After its crisis, Sweden reduced public expenditures by 20 percent of its gross domestic product, slashing social transfers such as unemployment benefits and sick-leave compensation. It cut its public debt in half (its debt, as a proportion of the economy, is now about half that of the United States). It cut marginal tax rates and simplified its tax code so much that nearly two-thirds of Swedes simply confirm by phone that the declaration automatically prepared for them by the tax authorities is correct. The banking system was thoroughly reformed and emerged unscathed from the global financial crises.
Structural reforms were also adopted. Successive governments deregulated one market after another and privatized as market conditions permitted. All children receive vouchers so their parents can choose private or public schools at public expense. Swedish social security became a true insurance system, rather than a pay-as-you-go one with huge unfunded liabilities as in the United States.

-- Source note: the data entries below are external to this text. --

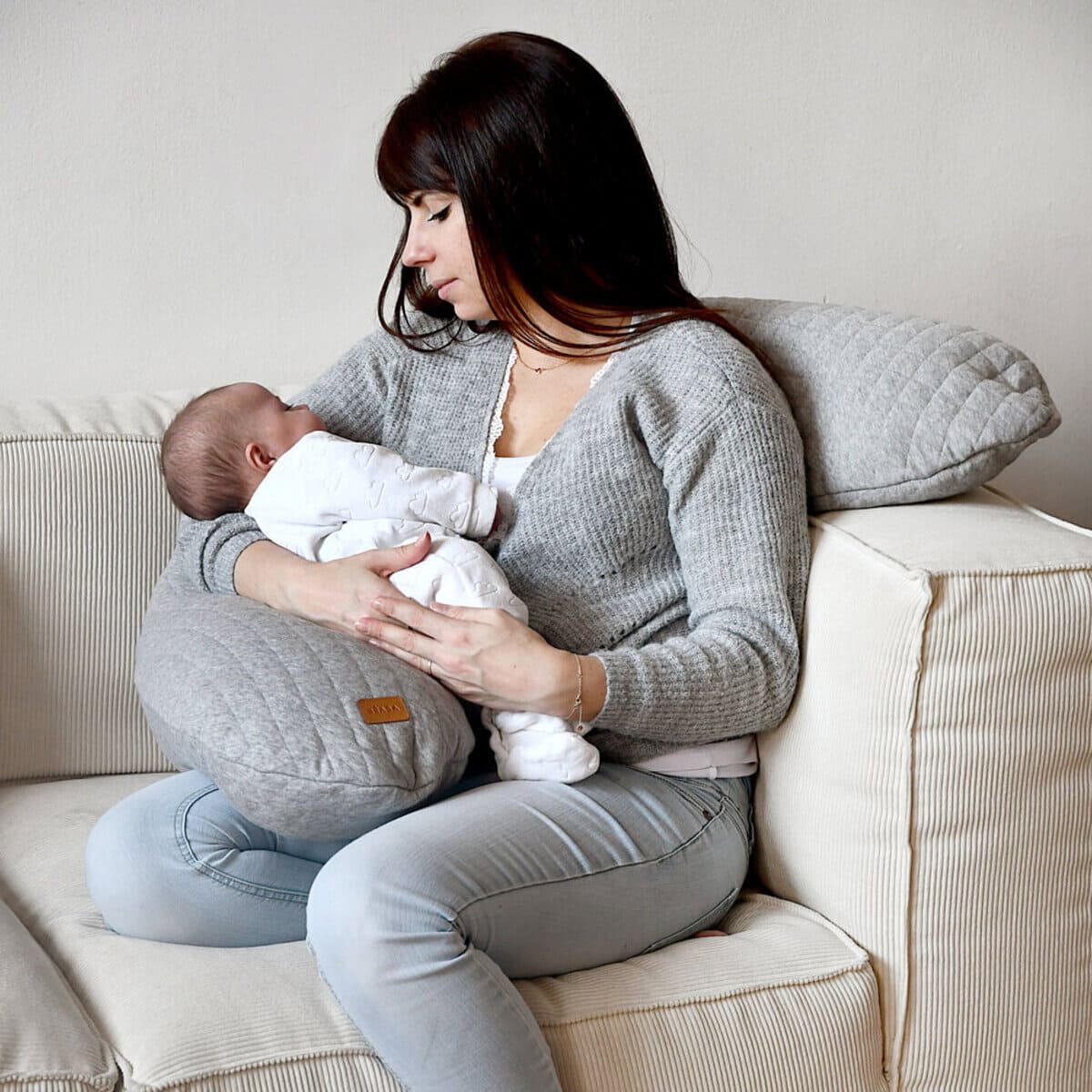 - Уменьшает нагрузку на спину во время кормления, дает отдых рукам, одновременно поддерживая ребенка на коленях
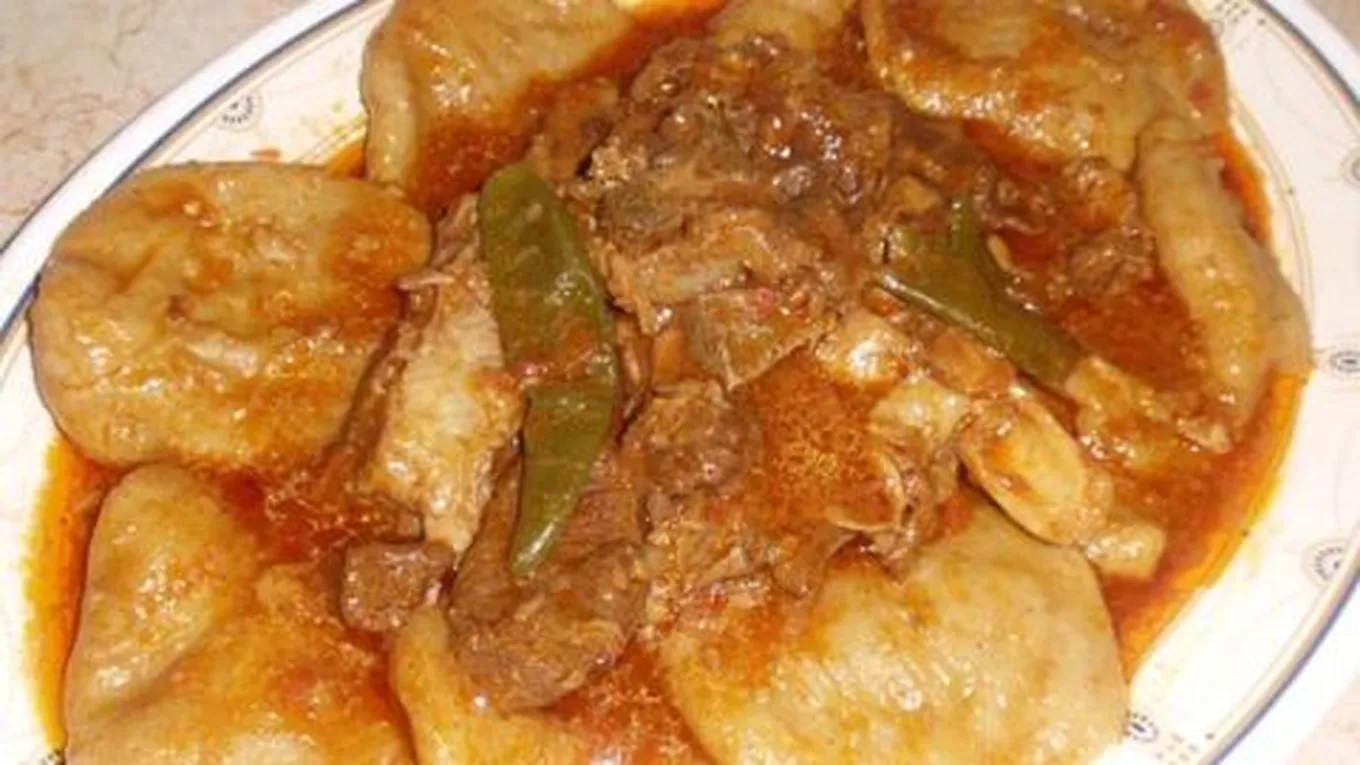 - نأخذ قطعةً من العجينة ونصنع حفرةً بوسطها بإبهام اليد، ثم نملؤها باللحم وبعدها نغمسها بمرق اللحم ثم نأكلها.
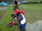 田んぼに「光」の文字が浮き上がるように田植えをしました。「光」は5年生の発案で「みんなが光輝くように」という意味があるそうです。

Sweden remains a social welfare society, and government spending still accounts for half of its economy; it finances all education and health care, as is common throughout Europe. Sweden did not dismantle the social system but, in addition to drastically reducing its costs, adopted macroeconomic and structural reforms to make it sustainable and greatly enhanced its efficiency by privatizing the delivery of many educational and medical services. The country’s guiding principle is that a successful social welfare society must be fiscally conservative and administratively efficient. This is the central Swedish lesson for the crisis countries of the euro zone and elsewhere.